I asked a lot of my Konica C35 Automatic — probably too much, shooting it mostly at and beyond dusk as I did. Late afternoon sun was the best light I gave it. That’s what happens when you shoot mostly after work in late autumn. Given that this autoexposure camera forces wide apertures and slow shutter speeds in dim light, I risked softness and camera shake nearly every time I pressed the shutter button.
Let’s look first at a couple late-afternoon photos. This lens has a character that, to my eye, enhances the film’s grain. It’s a pleasing effect, but it does rob images of a little sharpness.
But as I said, it’s quite pleasant. It could be put to excellent use for the right subject.

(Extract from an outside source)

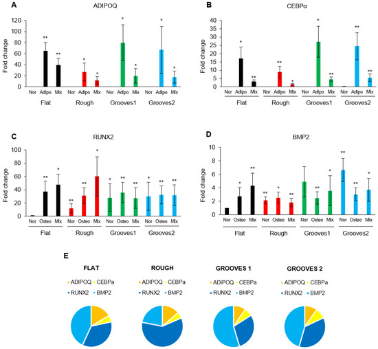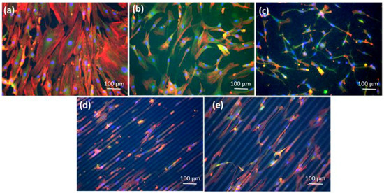 - Watari, S.; Hayashi, K.; Wood, J.A.; Russell, P.; Nealey, P.F.; Murphy, C.J.; Genetos, D.C. Modulation of osteogenic differentiation in hMSCs cells by submicron topographically-patterned ridges and grooves. Biomaterials 2012, 33, 128–136. [Google Scholar] [CrossRef]

The C35 struggled with reflected light. The late-afternoon sun cast this black fence with a delicious glow. I’d admired it for several days on my drive home from work, and this day with the C35 in my pocket I stopped to photograph it. This isn’t a bad shot, especially after I toned down the highlights in Photoshop. It just doesn’t capture the scene’s warmth. I own cameras that could have captured that glow. Of course, those cameras are large, heavy, and complicated compared to the C35.
I made this photo in downtown Fishers on a cloudy afternoon. I focused on the front bench. Shooting Fujicolor 200 in this light, the camera chose a wider aperture and softened the background just a bit, to a pleasing degree.

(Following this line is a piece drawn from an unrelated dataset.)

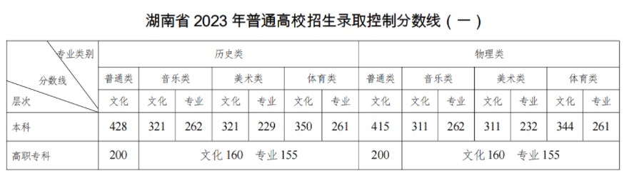 小编整理了2023年湖南高考艺术类分数线供各位考生参考:

I was lucky to pick up this little rangefinder camera for about 30 bucks a few years ago, as they routinely go for up to $100 in online auctions. While this camera is pleasant enough to use, I couldn’t remotely justify trading a C-note for one.
I gave the C35 some challenging assignments, such as this light sculpture inside the lobby of the office building where I work. I made a similar shot here with my Olympus Stylus Epic Zoom 80 on Tri-X earlier this year. I like it better. See it here.

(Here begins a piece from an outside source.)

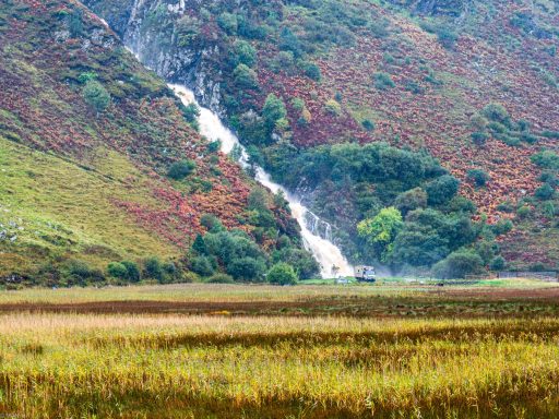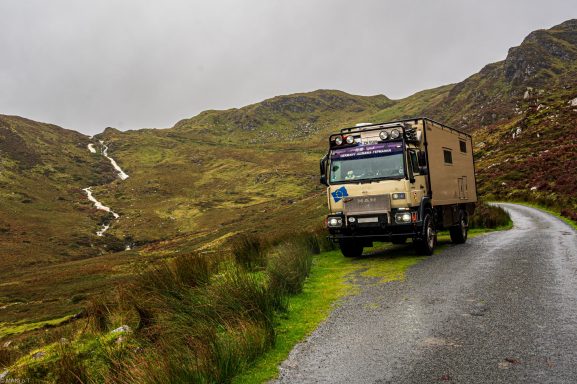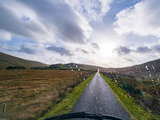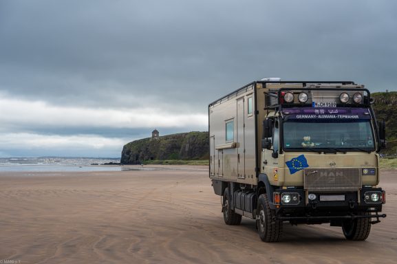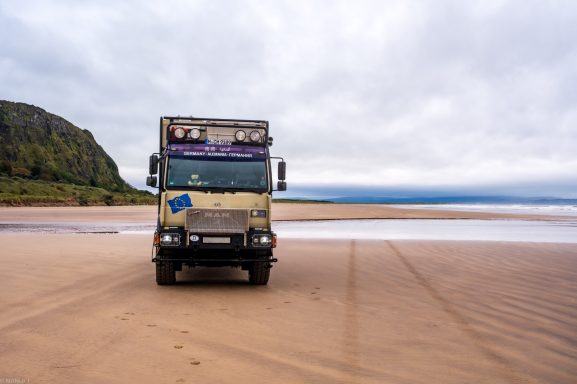 Ein großer, befahrbarer Sandstrand unter dem Mussenden Temple. An der Einfahrt zum Strand konnte ich übernachten.

I was downtown for a work-related event and had the C35 in my coat pocket. The event wrapped late. I wondered if the spotlight illuminating this sign provided enough light for a photograph. It did.
Of course, it’s hard to focus a rangefinder camera in the dark. I love how the C35 rendered the light within the bells of this clock tower, but man, I wish I hadn’t muffed focus.
If you’d like to see more photos from this camera, check out my Konica C35 Automatic gallery here.
My experience shooting this camera was pleasant enough. It’s certainly a breeze to use: in Auto mode it is a focus-and-shoot camera. But as I shot it, I couldn’t shake a strong feeling that if I kept it, I’d probably never shoot it again. I own other capable compacts that I just like better.